1 L’image hante le sujet. Sans vouloir en faire une généralité, nous pouvons observer cliniquement que les addictions alimentaires sont souvent liées à une problématique spéculaire [1], narcissique. À ce sujet, il nous paraît opportun de faire une distinction entre la névrose et la psychose, dans leurs rapports respectifs à la question de l’image et du narcissisme.
L’image spéculaire dans la névrose et son rapport avec la castration
2 Dans la névrose un corps qui n’est pas parfait vient signaler une blessure narcissique, une rencontre avec la castration, insupportable pour le sujet, qui commence à se détester lorsqu’il ne ressemble pas à ce qu’il veut être, à son image idéale : il ne s’aime plus car il n’accepte pas de se voir « décollé » de l’image parfaite de soi, construite au miroir, et à laquelle il s’identifie.
3 Le névrosé souvent va mal à cause de la chute de son image spéculaire : comme l’a bien mis en évidence Freud, la problématique névrotique tourne autour de la castration, castration « imaginaire » [2], car c’est l’image phallique [3] de soi que le sujet a peur de perdre.
4 Pensons au corps phallique de l’hystérique, trop jouissif : le symptôme fait jouir pulsionnellement le sujet en même temps qu’il le met face à sa castration. Comme cette jeune femme qui, chaque fois qu’elle séduit, se sent après dans l’obligation de manger sans arrêt. La grande bouffe lui sert à désinvestir l’identification au phallus lors de sa séduction (elle est hantée par la perfection de son corps et elle déteste l’idée de grossir). Et l’image au miroir en prend un coup, bien sûr.
5 La peur de ne pas être assez phallique (qui va en même temps avec la peur de l’être trop) provoque parfois des symptômes alimentaires. Le symptôme « transfère » la problématique narcissique sur le corps : le corps maltraité – trop ou pas assez de nourriture, effet yoyo du corps – « marque » la castration, mais il rapporte aussi un petit « gain » de jouissance. Castration et jouissance, les deux en même temps. L’image spéculaire est provisoirement sauvée par un détour – il y aura le jeûne après la grande bouffe – mais elle risque quand même de perdre son assise dès qu’il y aura un retour du refoulé.

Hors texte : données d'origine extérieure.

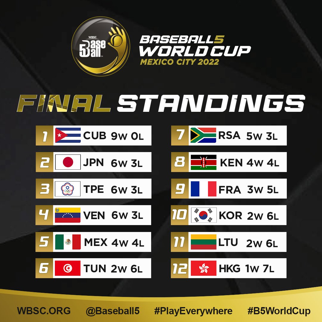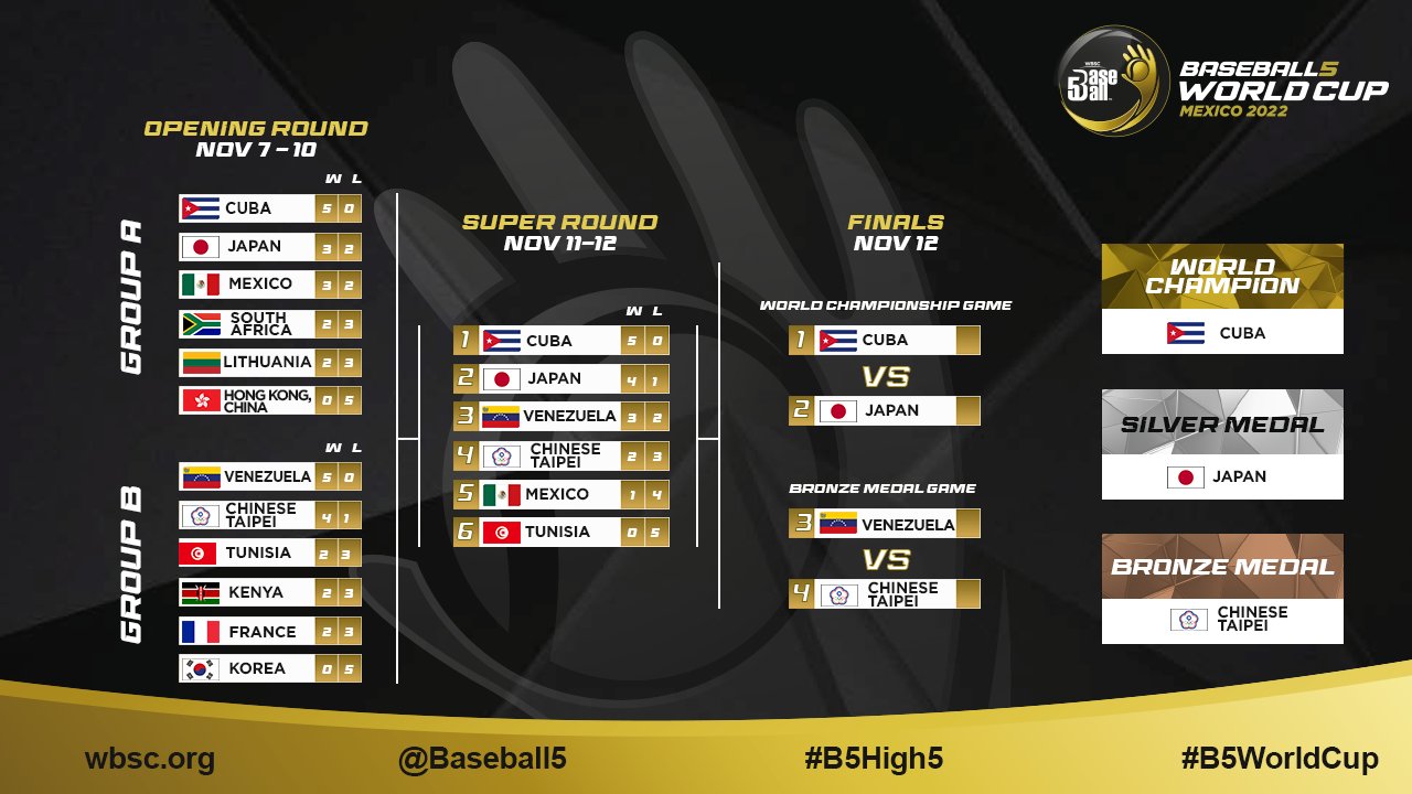 2022년에 처음 열린 WBSC 베이스볼5 월드컵은 11월 7일부터 13일까지 12개국이 참가한 가운데 멕시코에서 개최되었습니다. 2022 WBSC 베이스볼5 월드컵은 세계야구소프트볼연맹(WBSC)이 베이스볼5 종목을 출범한 뒤 개최한 첫 번째 대회로, 우리나라는 지난 8월 말레이시아 쿠알라룸푸르에서 개최된 2022 베이스볼5 아시아컵에서 3위에 입상해 월드컵 진출권을 획득했습니다.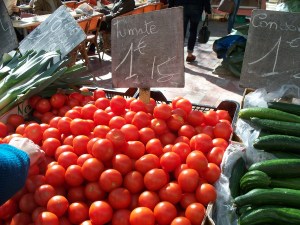 Although Bill and I aren’t vegetarians, it would be easy (and inexpensive) to do so given our access to the huge variety of fresh fruits and vegetables available to us at the 3-times-a-week open air market. Living in a city surrounded by farms and only 50 miles, as the crow flies, from the Spanish border helps a lot. I still remember an email from 5 years ago from former Carcassonne residents Tracy and Alan who said that they regularly bought 10 kilograms (22 pounds) of fruits and vegetables for 10 euros (12 dollars) at the market. Every Saturday morning we do the same thing leaving us with the happy dilemma of how to eat all of that before it’s time to return to the market the following week.

6 Le symptôme anorexique tente de supporter, d’une façon paradoxale, l’image d’unité et de perfection qui risque à chaque instant de se défaire. La recherche de la perfection, ou la peur de la perte de celle-ci (angoisse de castration) peut devenir démesurée pour un sujet, au point de lui faire perdre ses coordonnées, les repères symbolique et imaginaires, les limites de son moi. Au point de lui faire côtoyer la folie : dans l’anorexie, la plainte ou l’exaltation concernant le corps peut prendre parfois des allures délirantes (n’oublions pas que nombre de manifestations du réel sont indépendantes de la forclusion du Nom-du-Père [4]).
7 « Je n’aime pas mon image = je ne m’aime pas », c’est la plainte constante des patientes boulimiques. « Ma diététicienne m’a dit que je devrais m’aimer plus, mon problème c’est que je ne m’aime pas assez », me dit un jour une patiente. Mais dans la névrose, renforcer le moi du sujet peut se révéler dangereux. En effet, toute thérapie de soutien ne fait que renforcer, dans le sujet, la concentration sur sa propre image (plus ou moins) phallique, en faisant esquiver à celui-ci son désir : le clinicien « entre » dans le symptôme et le consolide.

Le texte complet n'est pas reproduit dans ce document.